### [Task directions]
Leaving out pictures, output exactly the lines below from the one that has "This surf-shack concept" through the one that has "The evening concluded", and nothing else.

### [Available data]
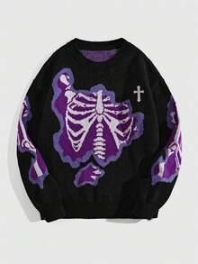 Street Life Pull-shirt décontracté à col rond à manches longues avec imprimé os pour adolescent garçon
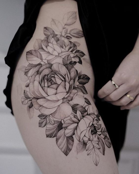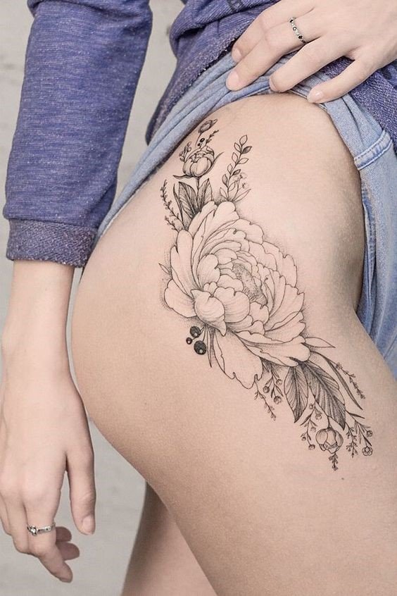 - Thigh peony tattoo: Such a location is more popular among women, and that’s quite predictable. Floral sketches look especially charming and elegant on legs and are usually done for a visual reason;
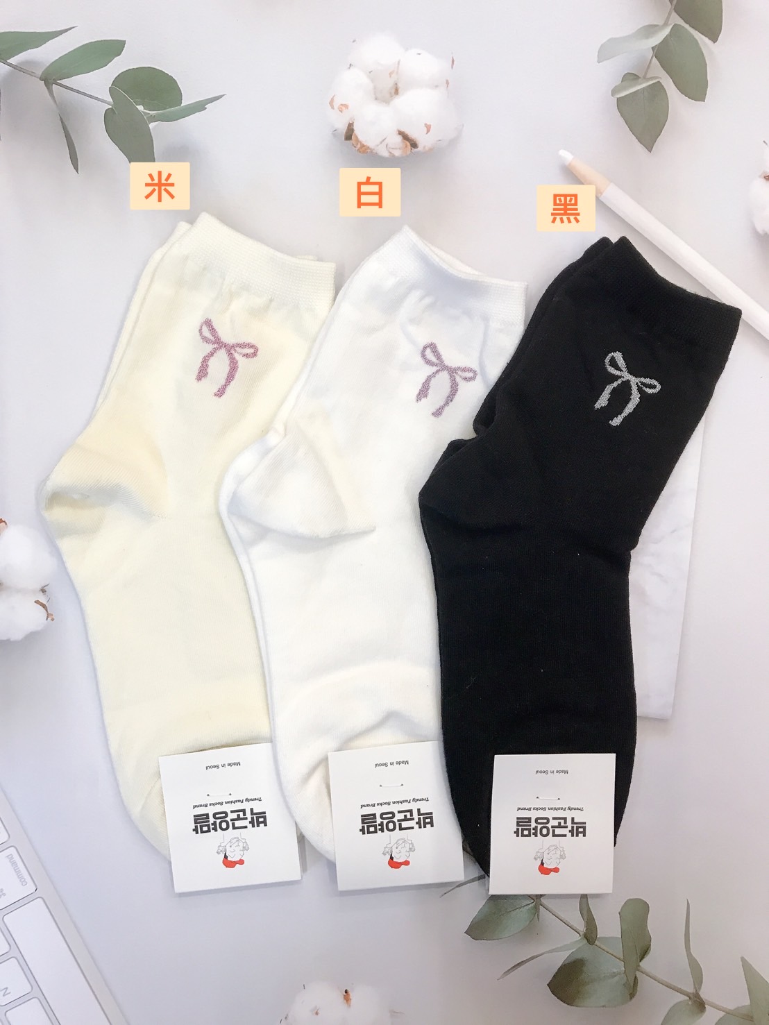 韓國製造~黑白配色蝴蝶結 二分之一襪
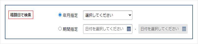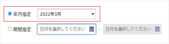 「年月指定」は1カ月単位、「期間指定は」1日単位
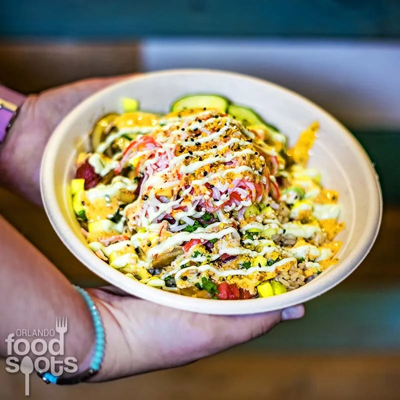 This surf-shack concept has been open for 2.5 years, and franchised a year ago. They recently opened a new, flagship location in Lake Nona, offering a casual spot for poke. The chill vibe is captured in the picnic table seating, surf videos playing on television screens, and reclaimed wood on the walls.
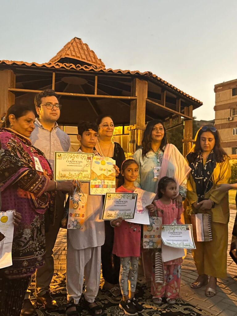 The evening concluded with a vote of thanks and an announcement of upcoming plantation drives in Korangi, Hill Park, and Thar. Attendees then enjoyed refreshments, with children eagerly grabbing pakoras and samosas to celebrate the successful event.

* * *

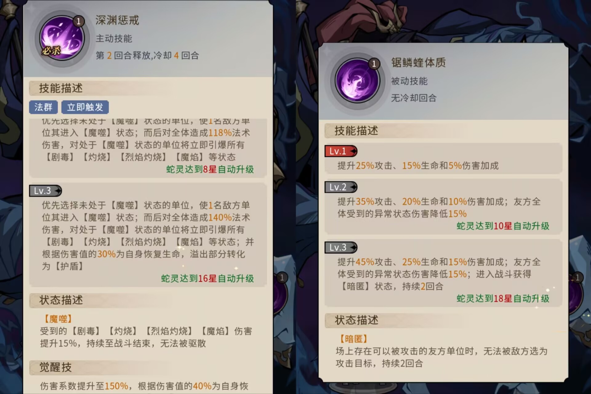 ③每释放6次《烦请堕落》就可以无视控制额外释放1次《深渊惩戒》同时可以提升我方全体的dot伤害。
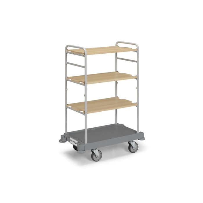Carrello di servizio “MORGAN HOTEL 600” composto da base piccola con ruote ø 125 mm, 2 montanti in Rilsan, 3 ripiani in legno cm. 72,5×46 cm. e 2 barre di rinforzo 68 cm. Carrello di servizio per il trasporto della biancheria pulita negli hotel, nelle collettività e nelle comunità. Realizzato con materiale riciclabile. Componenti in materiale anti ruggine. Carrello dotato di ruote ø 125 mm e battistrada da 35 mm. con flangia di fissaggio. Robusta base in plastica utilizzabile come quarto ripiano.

* * *

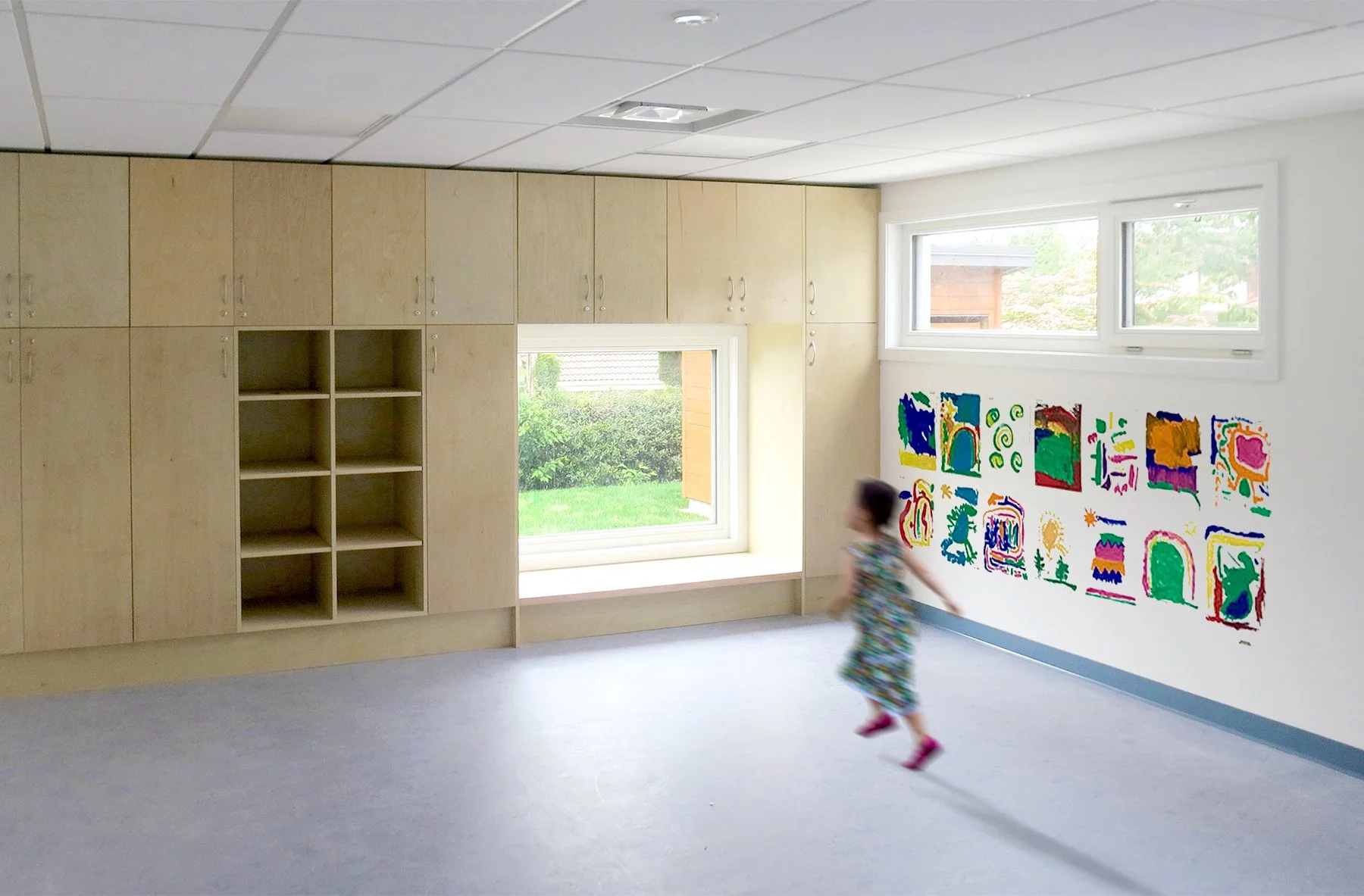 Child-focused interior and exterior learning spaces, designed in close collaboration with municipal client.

### [Exercise solution]
 This surf-shack concept has been open for 2.5 years, and franchised a year ago. They recently opened a new, flagship location in Lake Nona, offering a casual spot for poke. The chill vibe is captured in the picnic table seating, surf videos playing on television screens, and reclaimed wood on the walls.
 The evening concluded with a vote of thanks and an announcement of upcoming plantation drives in Korangi, Hill Park, and Thar. Attendees then enjoyed refreshments, with children eagerly grabbing pakoras and samosas to celebrate the successful event.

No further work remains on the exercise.